Temperature regimes and aphid density interactions differentially influence VOC emissions in Arabidopsis

The effects of volatile emissions from plants exposed to individual abiotic and biotic stresses are well documented. However, the influence of multiple stresses on plant photosynthesis and defense responses, resulting in a variety of volatile profiles has received little attention. In this study, we investigated how temperature regimes in the presence and absence of the sucking insect Myzus persicae affected volatile organic compound (VOC) emissions in Arabidopsis over three time periods (0–24, 24–48, and 48–72 h). Headspace solid-phase microextraction coupled with gas chromatography–mass spectrometry was used to evaluate Arabidopsis VOCs.
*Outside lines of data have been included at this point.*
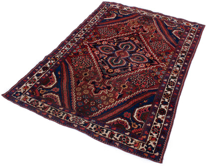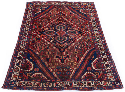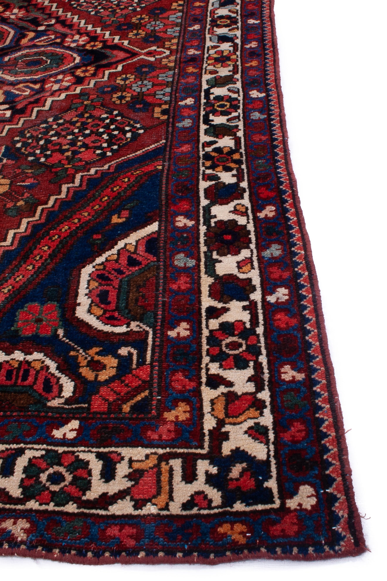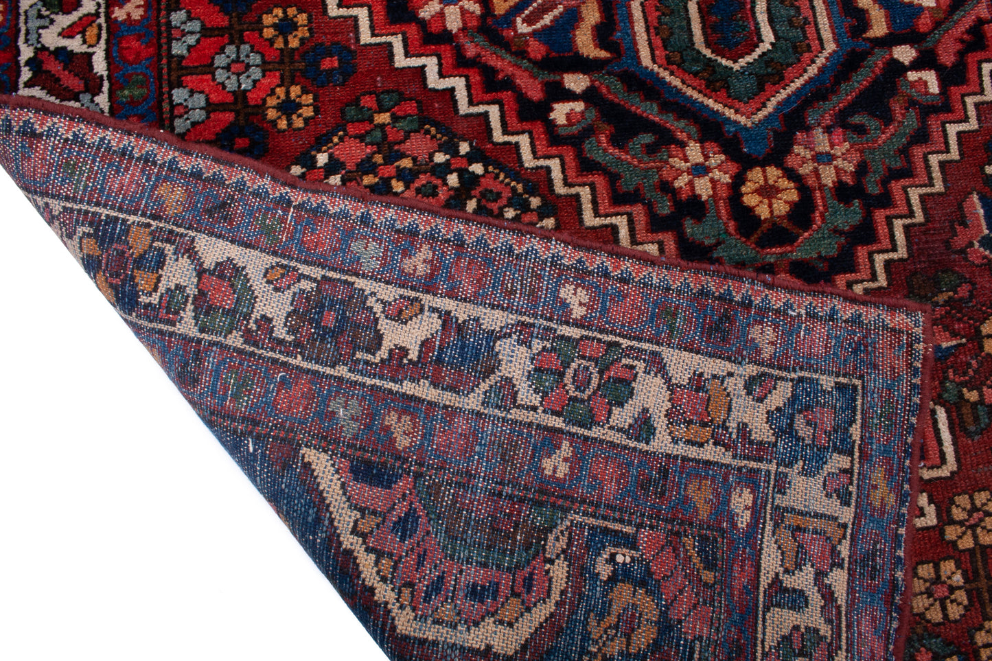This Semi-Antique Persian Bakhtiari Rug is hand-knotted in Bakhtiari, Iran. Its unique rectangular shape, wool pile, and cotton foundation make it a beautiful piece of art featuring a central medallion design with teal, blue, and ivory colors. Perfect for adding flair and sophistication to any room.
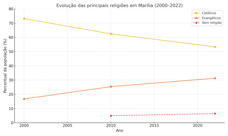 O levantamento do IBGE, divulgado na semana passada, revela que Marília segue as tendências nacionais: há uma diminuição significativa do número de católicos e um crescimento constante dos evangélicos — ainda que em ritmo mais brando nos últimos anos — além do aumento expressivo do grupo que se declara sem religião.
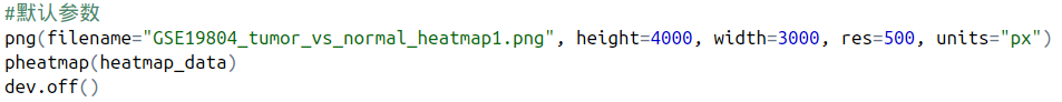 我們修改了字體大小,不顯示樣本名,以及設置圖片標題,到此時,經(jīng)過一系列參數(shù)更改,是不是已經(jīng)比一開始使用默認參數(shù)好看多了呢?(可以增加一個對比圖,GSE19804_tumor_vs_normal_heatmap6.png與GSE19804_tumor_vs_normal_heatmap1.png的 對比)。
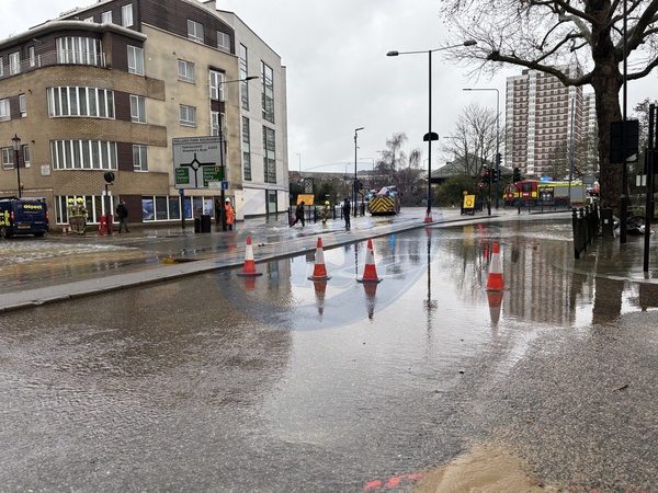 Flooding and emergency response closes roads at Shepherd’s Bush roundabout, London

The results showed that under laboratory conditions, eight volatile classes [alcohols (mainly 2-ethyl-hexan-1-ol), ketone (6-methyl hept-5-en-2-one), esters (mainly (Z)-3-hexenyl acetate), aldehydes (mainly phenylacetaldehyde), isothiocyanates (mainly 4-methylpentyl isothiocyanate), terpenes (mainly (E,E)-α-farnesene), nitrile (5-(methylthio) pentanenitrile), and sulfide (dimethyl trisulfide)] were observed on plants exposed to stress combinations, whereas emissions of six volatile classes were observed during temperature stress treatments alone (with the exception of nitriles and sulfides). Aphid density at high temperature combinations resulted in significantly higher isothiocyanate, ester, nitrile, and sulfide proportions. The results of the present study provide an insight into the effects of temperature–aphid interactions on plant volatile emissions.